The Khyber-Pakhtunkhwa government has set aside Rs100 million for the school feeding programme for primary schools which officials say will be rolled out in phases, across the province. But how far can Rs100 million go? A few calculations show the amount might not last long, given over 3 million are enrolled at primary schools.
According to an official of K-P Elementary and Secondary Education (E&SE) department, the cost of a meal—which will include a high-energy biscuit pack and a juice pack—that students will be given for lunch, will be Rs40 each.

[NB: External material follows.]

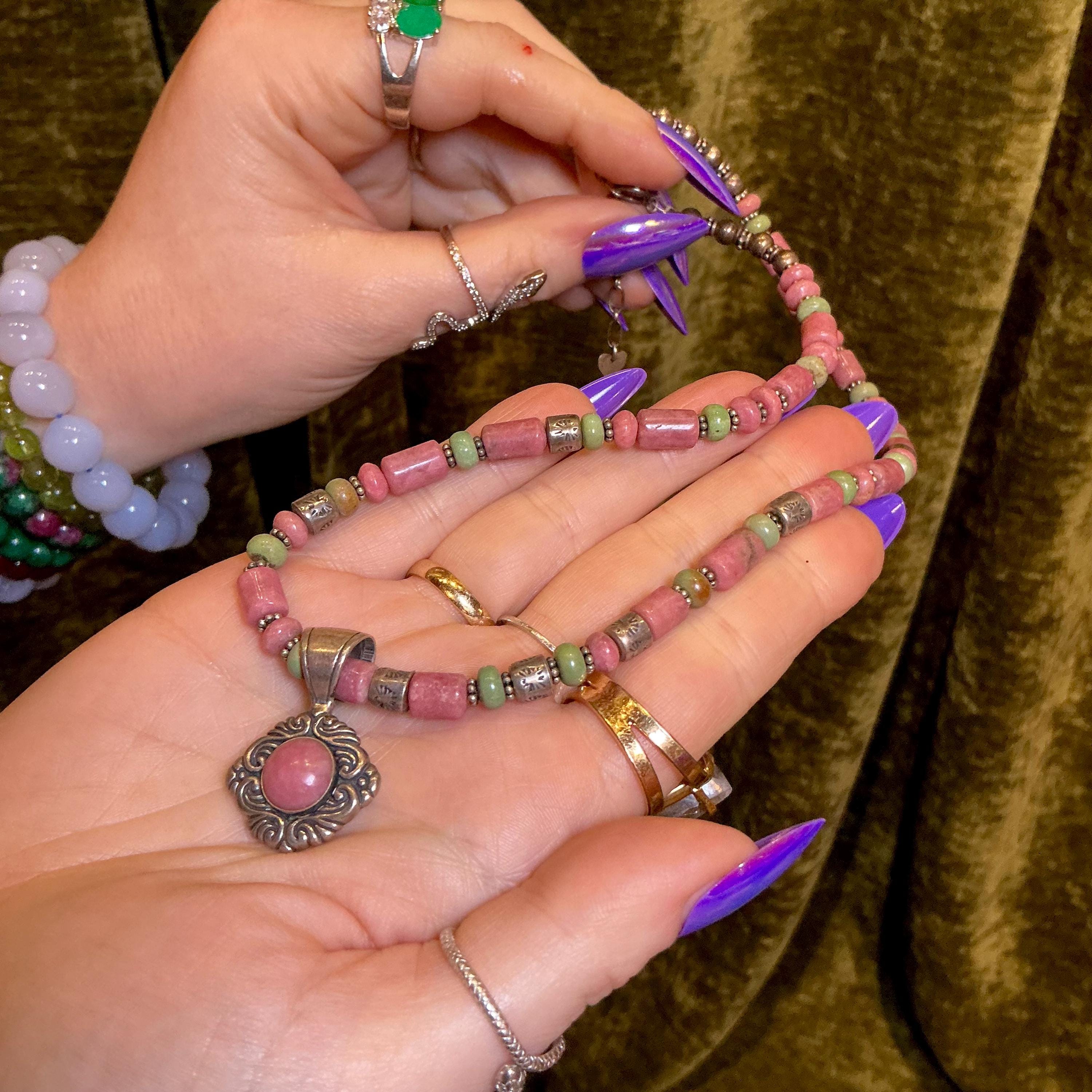 Vintage Rhodonite Necklace ~ Genuine Silver & Gemstone Beads~ Crystal Goddess Sacred Adornment ~ 15 inches.

E&SE Director Muhammad Rafiq Khattak told The Express Tribune the free meal programme will start when children return to school in fall 2015 after summer break. It has not been decided yet which district or districts the programme will first be tested out.
“Our focus will be on rural areas as that’s where the majority of government school students come from impoverished families.”

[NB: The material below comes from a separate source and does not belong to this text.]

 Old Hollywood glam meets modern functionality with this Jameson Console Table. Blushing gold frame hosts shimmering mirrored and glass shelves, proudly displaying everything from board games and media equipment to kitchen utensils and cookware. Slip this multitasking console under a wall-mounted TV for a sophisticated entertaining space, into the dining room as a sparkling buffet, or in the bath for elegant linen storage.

Read: Free lunch: Govt to initiate school feeding programme
After Ghar aya ustaad
The E&SE website states there were 3.01 million children enrolled at the primary level across K-P. The data dates back to 2013-2014, before the provincial government pushed a massive enrolment drive.
The Ghar aya ustad campaign aimed to add 0.8 children to primary school rosters. While school data from the current year has not been shared, it is safe to assume that as the numbers of out-of-school children decline, 3.01 million is an underestimation of the number of enrolled students.
Given this knowledge, if Rs100 million is meant to feed schoolchildren one nutritious snack per day throughout the school year, that amount can literally only feed 12,500 children for 200 days –roughly the length of an academic year.
Feeding even 50,000 children one free meal for one working month or 26 days would compute to Rs52 million and feeding one lakh children would Rs104 million – crossing the entire year’s budget.
On the bright side
However, the free meals programme has made teachers very happy. All Primary Teachers Association Malik Khalid Khan appreciated the initiative, saying it would decrease the burden on parents from low-income backgrounds who cannot afford to give their children lunch for school.
Read: Cooking up a storm for India's school lunch scheme
Talking to The Express Tribune on Sunday, he said the government should bring the plan into practice at government schools and a transparent committee should be formed to ensure each student receives the meal.
Khalid added this step could boost enrolment rates and decrease the number of dropouts. Such a programme has also been implemented in Bangladesh, he said, which is why the primary school education rate there is higher.
E&SE Director Khattak also agreed about the programme’s positive impact. He said it would increase enrolment rates in schools in rural areas. “Children will then focus on their studies and will not have to go outside the school premises to buy food.”
The budget for financial year 2015-16 suggests the K-P government has allocated Rs10.2 billion for 71 projects related to primary and secondary education.
Of the amount, Rs2.24 billion will be used for 22 new projects.
The new projects include 150 primary schools, 100 new secondary schools, and the up-gradation of 50 middle schools and 50 high schools for girls. New IT laboratories and community schools will also be set up.
Published in The Express Tribune, June 29th, 2015.